Model Testing Questions

Ask:

Which model gives the most consistent output?
Which model follows format best?
Which model handles the context length?
Which model is affordable at scale?
Which model is fast enough?
Which model fails least often?
Which model handles the language best?
Which model works best for this specific prompt?

Rule

Model choice must be tested against the use case, not assumed.

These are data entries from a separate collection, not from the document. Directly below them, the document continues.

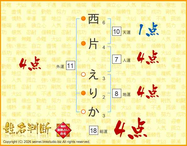 西片えりかさんの総運は18画の4点!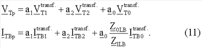 V11, V12, V10 – напряжение, измеренное на станции 1 (первый нижний индекс) для отдельных симметричных составляющих, а второй нижний индекс для положительной последовательной составляющей будет равен 1, для отрицательной последовательной составляющей будет равен 2, и для нулевой последовательной составляющей будет равен 0;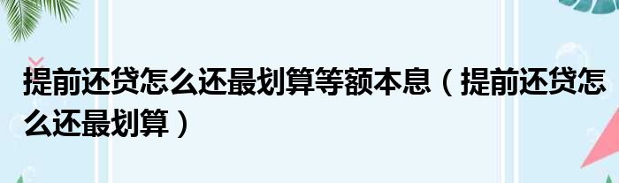 提前还贷怎么还最划算等额本息(提前还贷怎么还最划算)

10. Testing And Iteration Layer

Prompt engineering is iterative.

A prompt should be improved through testing, not guesswork.

Prompt Testing Process

Use:

Define the expected output.
Create test inputs.
Run the prompt.
Review the output.
Identify failure patterns.
Adjust prompt structure.
Add examples where needed.
Adjust constraints.
Test another model if needed.
Repeat until reliable enough.

Prompt Testing Inputs

Test against:

ideal input
messy input
short input
long input
ambiguous input
missing data
conflicting data
edge cases
high-risk examples
real production samples
past failure examples

Scientific Method Standard

Prompt improvement should follow:

hypothesis
test
observation
adjustment
retest
record

Rule

Do not deploy an important automation prompt after one successful test.

11. Cost Latency And Scale Layer

Prompt quality must be balanced against cost and speed.

A prompt that works well once may become too expensive at scale.

A prompt chain that produces excellent output may be too slow for a real-time workflow.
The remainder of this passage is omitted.